Матиас допил свою бутылку.

— Такая уж жизнь, ога.

— Тишина, Матиас. Тишина. Я познал все виды молчания, но пора познать еще несколько новых.


И обеты молчания. Превыше всего соблюдать обеты молчания. Несмотря на любовь, несмотря на необходимость, несмотря на желание отдать себя. И угрызения совести, даже угрызения совести оказались бессильными против безмолвного отдаления, в котором отец Секони дожил до самой смерти. Христианская девушка! Этот чудовищный грех, этот отказ от отца и веры более не терзал памяти Аль-хаджи Секони, но обет есть обет, и гордость спасала его от привычной любви к сыну. Пять лет назад он стоял на пороге брачной регистратуры и молил, чтобы гнев урагана обрушился на мятежную кровь сына. Мантия паломника развевалась за его плечами, как львиная гриза Лира на асфальтовой пустоши вереска. И его отчужденность была мучительной и неразрешимой. «Я никогда, никогда не раскрою рта, чтобы заговорить с тобой. Да поразит меня всемогущий Аллах, если я скажу тебе хоть одно слово!»

И теперь, повернувшись гордой мужественной спиной к терзаниям разлуки, Аль-хаджи Секони чуть сам не сошел с ума от отчаяния и забот и избрал своим домом приемную клиники.

— Что с ним, сэр, скажите мне, как он? Он поправится? Помните, что ему ни в чем не должно быть отказа. Если хотите послать его за границу к специалистам... нет? А говорят, что в Швейцарии лучшие в мире врачи. Но, доктор, скажите, могу ли я чем-то ему помочь, хоть чем-нибудь? О чем он говорит? Он кого-нибудь упоминает? О ком-нибудь он говорит? Нет, нет, я спросил просто так... Он не стремится увидеть кого-нибудь в особенности? Нет? Я просто слышал, что порой у них возникает такое желание. А сиделка все время рядом? Но ведь... будет так печально, если ему захочется вдруг повидать друзей или... гм, родственников, а мы ничего не узнаем... нет, нет у него ни сестер, ни братьев.,. М-да, если что-нибудь нужно, скажем, перемена климата, доктор, что вы об этом думаете? Перемена климата, отдых всегда на пользу, а?
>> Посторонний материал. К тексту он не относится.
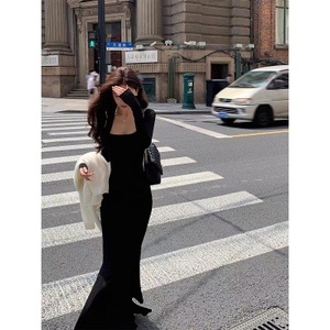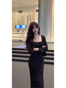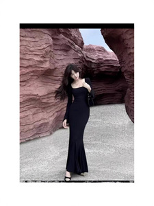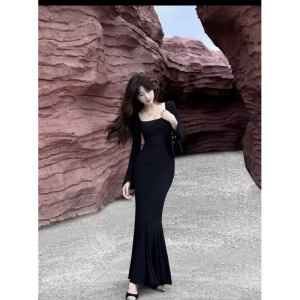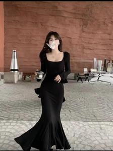 歌黛璐 方领长袖鱼尾包臀连衣裙女秋冬气质高级修身步步生莲长裙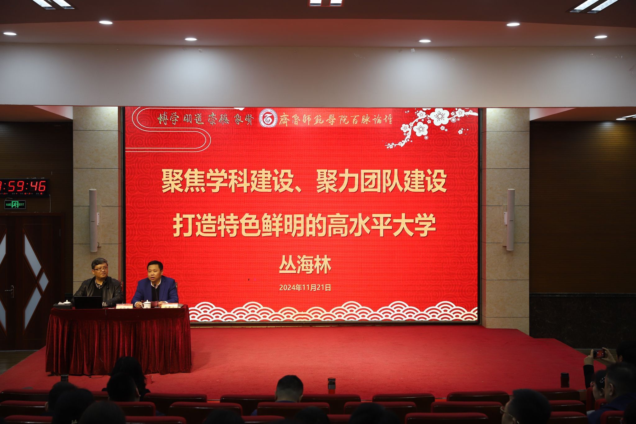 11月21日下午,由科研处主办的2024年第14期“百脉论坛”讲座在章丘校区第一学术报告厅举行。山东理工大学党委常委、副校长丛海林教授受邀作了题为《聚焦学科建设、聚力团队建设,打造特色鲜明的高水平大学》的报告。学校党委副书记、校长郑秀文主持报告会。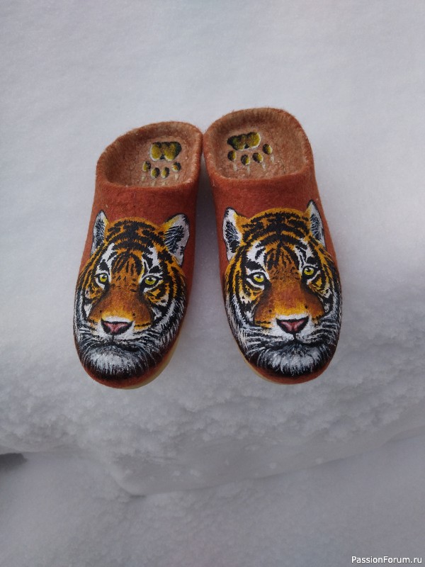 Людочка, эти тапочки, просто бесподобны!!! Лисица хороша, но тигр покорил!!! Но чему восхищаюсь, так это самими тапочками, как выполнены сказка!!!!

Доктор прекрасно понял, в чем дело, и старший его пациент ушел домой, почти исцеленный. Приближалось время паломничества, и Аль-хаджи Секони узнал, как о чуде, что сын его собирается отнюдь не на лето в Лондон или на месяц в Венецию. Он отправился в Мекку. Ищущие спасения руки Секони были полны надежд и воспоминаний, когда он целовал руины Старого Иерусалима, а не священный камень Каабы... Но что мог Аль-хаджи об этом знать? А Секони шел по базарам поддельных реликвий и сувениров, и вдали за его спиной многотысячные толпы в белом по сорок раз обегали черную приземистую святыню, насмерть затаптывая упавших. Секони касался пальцами разрушенных стен Старого Иерусалима, беспощадный к наследию отцов, встревоженный неожиданными намеками и внезапно возникшими связями... он был в ужасе, и его ужас не нашел выражения в словах.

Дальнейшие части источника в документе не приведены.